I am new to spark and I have a dataframe as the following,
+-------------------+----------+--------------------+----------------+--------------+
| placekey|naics_code| visits_by_day|date_range_start|date_range_end|
+-------------------+----------+--------------------+----------------+--------------+
|22b-223@627-wdh-fcq| 311811|[22,16,22,32,44,1...| 2018-12-31| 2019-01-07|
|22b-222@627-wc3-99f| 311811| [2,4,3,3,4,6,5]| 2019-01-28| 2019-02-04|
|222-222@627-w9g-rrk| 311811| [3,3,5,5,6,2,5]| 2019-02-04| 2019-02-11|
+-------------------+----------+--------------------+----------------+--------------+
I want to create another column date_bet_dates that has a list of dates between date_range_start and date_range_end. This is the code I have so far,
def get_dates(s, e):
start = datetime.strptime(s, '%Y-%m-%d').date()
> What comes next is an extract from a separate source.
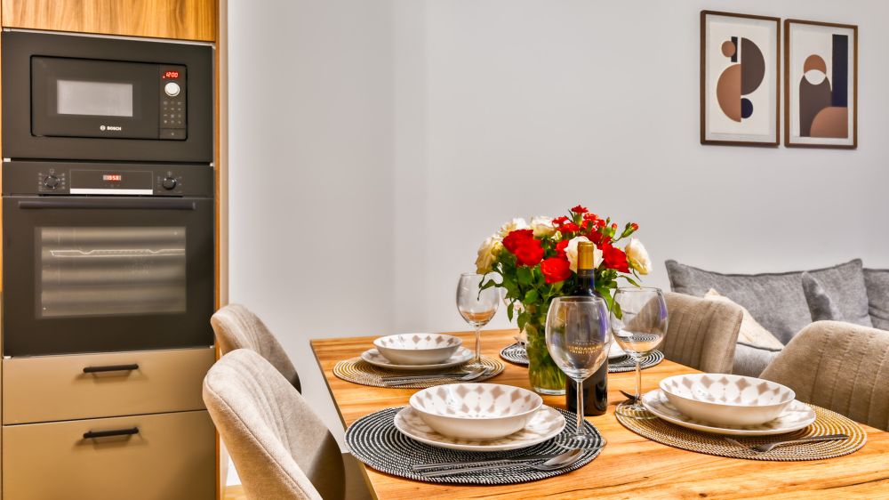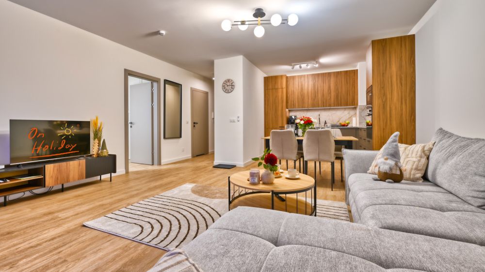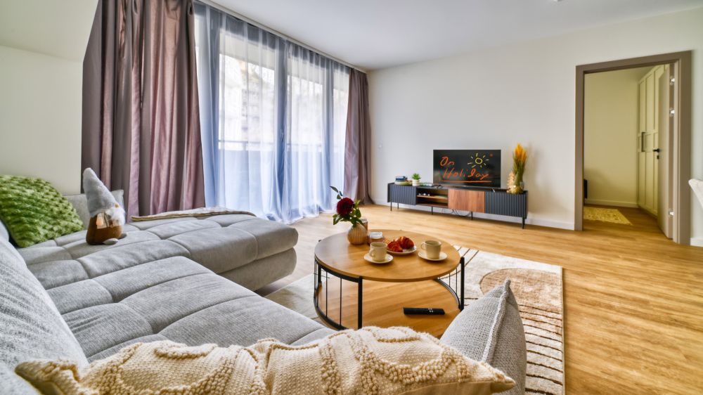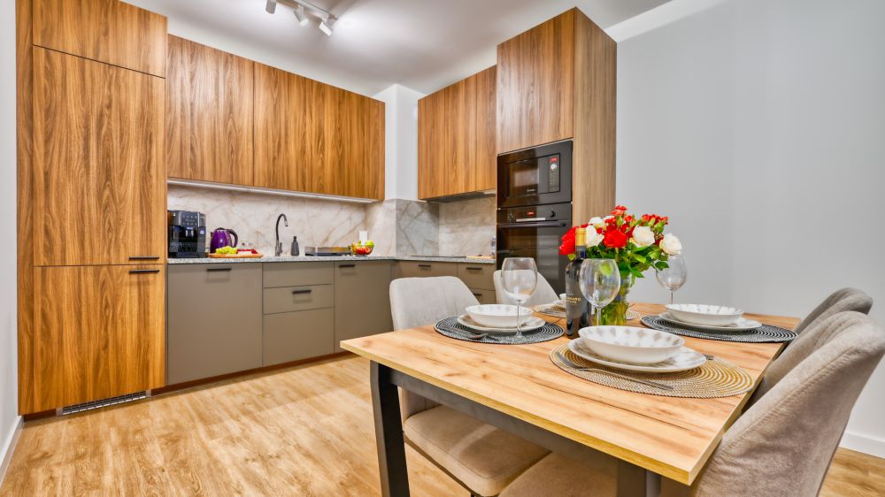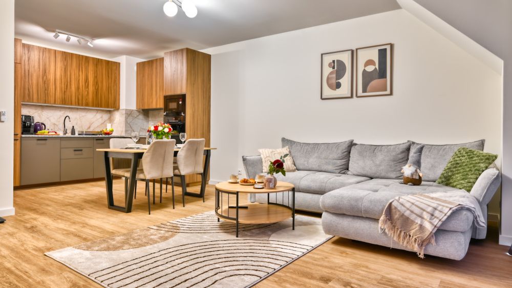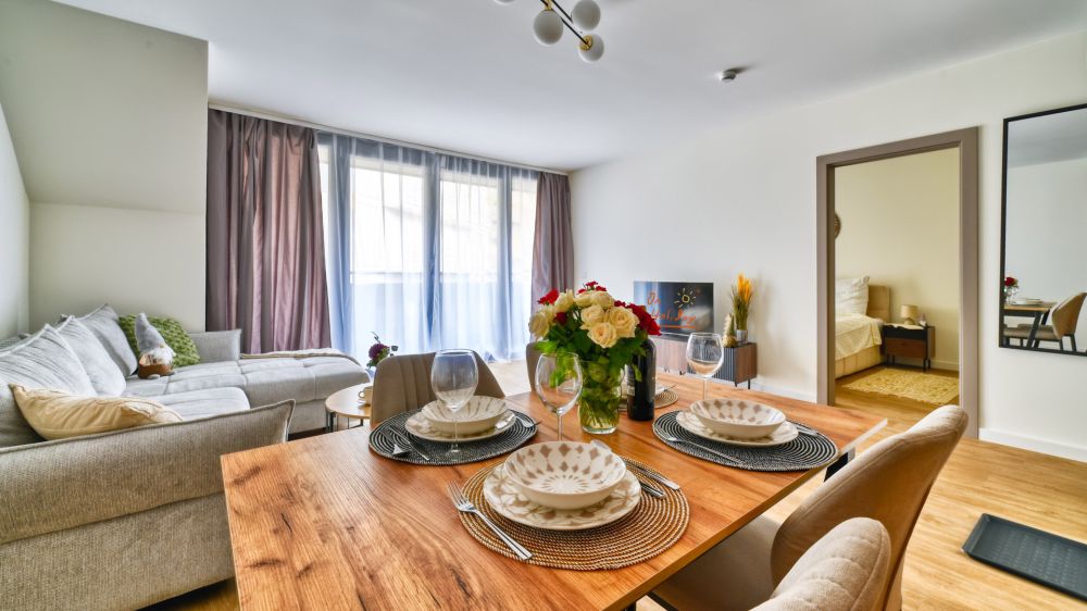 Salon z aneksem kuchennym – nowoczesnie wyposażony, ze stołem, rozkładaną sofą, pełnym zestawem kuchennym (m.in. lodówka, czajnik, telewizor) .

end = datetime.strptime(e, '%Y-%m-%d').date()
return pd.date_range(start, end - timedelta(days=1),freq='d')
udf_get_dates = udf(lambda x: get_dates(x), DateType())
df = df.withColumn('date_bet_dates', udf_get_dates(df['date_range_start'], df['date_range_end']))
df.show(3)
And an error occurs at the line df.show(3),
TypeError: <lambda>() takes 1 positional argument but 2 were given
I have no idea what arguments it is talking about, but I assume this is something to do with my get_dates function. What needs to be changed to solve this problem?